Decídase, asuma el riesgo intrínseco del camino elegido o el que supone la pérdida de la vía descartada. Decídase, no conviva con problemas que pueden solucionarse. Decídase y, si no sabe cómo hacerlo, láncese a aprender.
El agotamiento del ego
Según la teoría del agotamiento del ego –enunciada por el psicólogo Roy Baumeister, de la Florida State University–, tenemos un pozo finito de autocontrol.
— Siempre que ponemos límites estamos utilizando una porción de dicho autocontrol, por lo que nos quedará un poquito menos para afrontar las tentaciones que surjan simultáneamente.
— Desde un punto de vista práctico, según esta teoría, si tenemos una decisión importante que tomar, es mejor estar “saciados de tentaciones”. Debemos intentar consumir lo menos posible, para que todo nuestro autocontrol quede a disposición de una decisión ponderada y razonada.

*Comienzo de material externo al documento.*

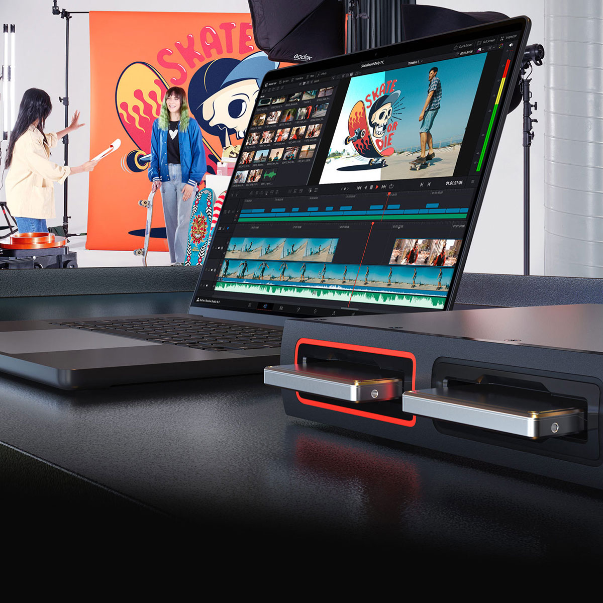 Se avecinan dos novedades en el ámbito del almacenamiento en red: Blackmagic Cloud Dock 2 y Cloud Dock 4. Estos nuevos modelos, presentados por primera vez el año pasado en la feria NAB, permiten compartir 2 o 4 discos SSD independientes de 2,5" (U.2/SATA) en red y ofrecen 2 o 4 puertos Ethernet de 10 G (RJ-45), una salida HDMI para supervisar el estado del almacenamiento, así como la sincronización y el uso compartido de datos a través de los servicios Dropbox y Google Drive. Las novedades requieren la instalación de los controladores Blackmagic Cloud Store 1.1.8 o posteriores (Windows 10+/macOS 12+), son compatibles con Ethernet a través de USB-C, los sistemas de archivos ExFAT y HFS+, y el intercambio en caliente de discos; se pueden instalar en un rack de 19" (1U; el Cloud Dock 4 directamente, el Cloud Dock 2 mediante un adaptador).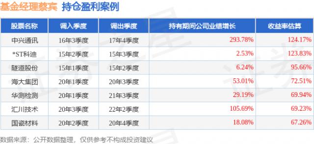 蔡賓管理的長(zhǎng)盛同享靈活配置A基金于2016年3季度買入中興通訊,持有1年又1個(gè)季度后,在2017年4季度賣出。持有期間的估算收益率為124.17%,2016年到2017年中興通訊的年報(bào)歸屬凈利潤(rùn)增幅達(dá)293.78%。

— Las reservas se pueden agotar de multitud de formas. Por ejemplo, intentar parecer interesado durante una reunión aburrida ya conlleva un grado de autocontrol que mermará nuestra capacidad para evitar comernos el tentador aperitivo hipercalórico que han dispuesto sobre la mesa. Aguantar las ganas de decir algo cuando estamos enfadados puede llevarnos directos a la despensa en busca de una compensación a la que nos costará resistirnos, pues ya nos estamos conteniendo para no hablar.
— Muchos sabemos también que a la compra hay que ir sin hambre. Si necesitamos controlar el apetito, nos costará más hacerlo frente a la ventana de tentaciones que se abre ante nuestros ojos en un supermercado.